Medically reviewed by

Dr. Shaikh Sadaf

Published At July 18, 2023
Reviewed AtJuly 25, 2023


Addison’s disease is an uncommon chronic disorder that results from the impaired functioning of an adrenal cortex, thereby leading to a deficient production of hormones such as glucocorticoids, mineralocorticoids, and male hormones. It has been reported by the researchers that autoimmune Addison’s disease is the most common cause of the disease in adults, accounting for more than 85 percent of cases, followed by tuberculosis infection in approximately 11 percent of patients, and the remaining four percent of patients are affected either due to vascular, malignant or hereditary forms.

What Is Autoimmune Addison's Disease?

Autoimmune Addison’s disease is an uncommon autoimmune disease that alters the function of the adrenal glands. The adrenal glands are tiny hormone-synthesizing glands that are located on top of each renal capsule. It is subclassified as an autoimmune disease because it is the result of a malfunctioning immune system that invades these adrenal glands. The production of several hormones is therefore interrupted, thereby affecting several body organs.

What Are the Other Synonyms of Autoimmune Addison's Disease?

  • Autoimmune Addison disease.

  • Autoimmune adrenalitis.

  • Classic Addison’s disease.

  • Primary Addison’s disease.

What Are the Signs and Symptoms of Autoimmune Addison's Disease?

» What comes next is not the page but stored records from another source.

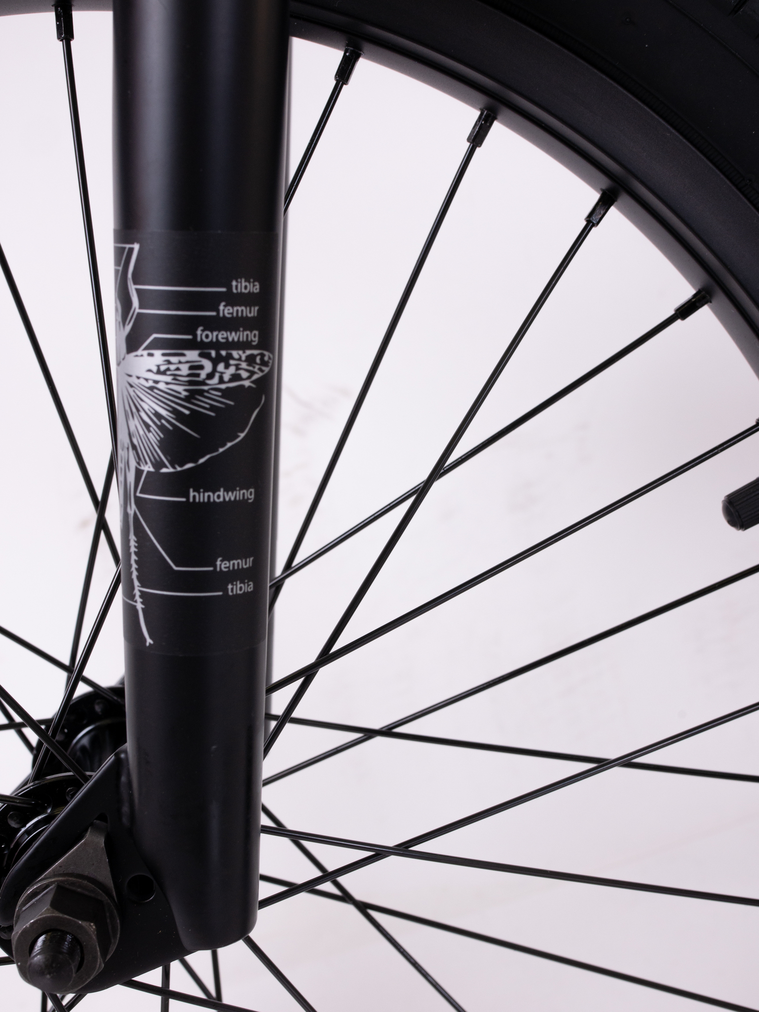 На этом велосипеде установлен один задний тормоз, в основном его используют, чтобы сбросить скорость в самом конце серии из трамплинов. Колеса собраны на двойных алюминиевых ободах - ведь прочные колеса, важная часть экстремального велосипеда. Интегрированная рулевая Neco, алюминиевые педали Wellgo, алюминиевый вынос ТТ - все это делает Grasshopper легким и надежным.
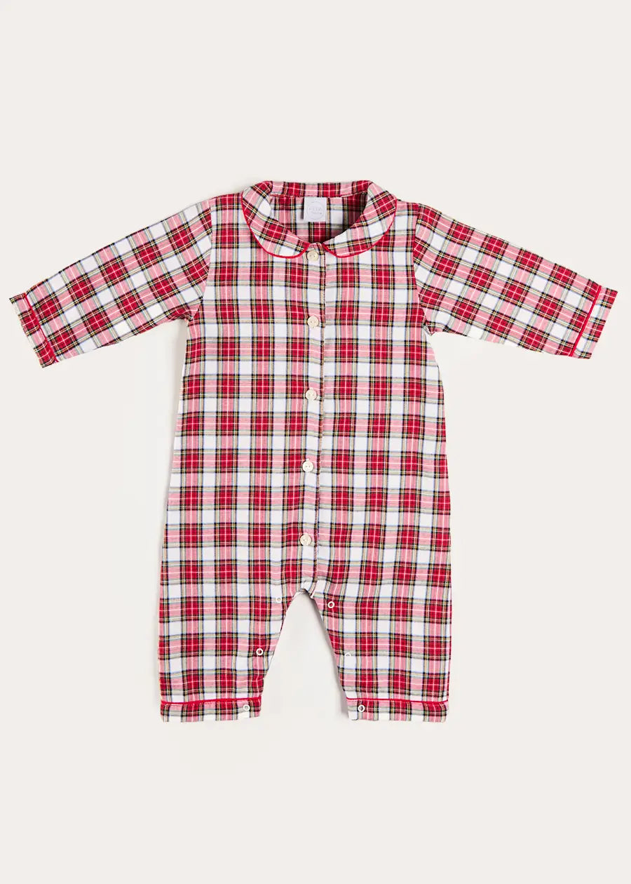 The Francis Tartan Long Sleeve All-In-One Pyjama in Red is a charming seasonal sleepwear piece crafted in our bespoke red Francis Tartan, new for the season. Featuring a sweet Peter Pan collar, long sleeves, and smart button detailing down the front, it's both classic and comfortable. Practical poppers at the legs ensure easy dressing and changing, making it the perfect choice for cosy winter nights and festive mornings.
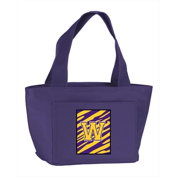 Monogram Letter W - Tiger Stripe- Purple Insulated Cooler Lunch Bag

The clinical signs and symptoms of autoimmune Addison’s disease can appear at any age, but mostly they begin to show between the third and fifth decades of life. Some of the common symptoms of the disorder include:

  • Tiredness (extreme fatigue).

  • Nausea and vomiting.

  • Loss of appetite.

  • Loss of weight.

  • Low blood pressure.

  • Dizziness on standing up suddenly.

  • Muscle pain.

  • Craving for salty food products.

  • Hyperpigmentation is a characteristic feature of autoimmune Addison’s disease that is characterized by abnormally dark, blackish areas of skin, especially in areas such as the armpits, elbows, knuckles, and creases of the palm. These areas experience a lot of friction. Even the labial mucosa and the lips can turn unusually dark.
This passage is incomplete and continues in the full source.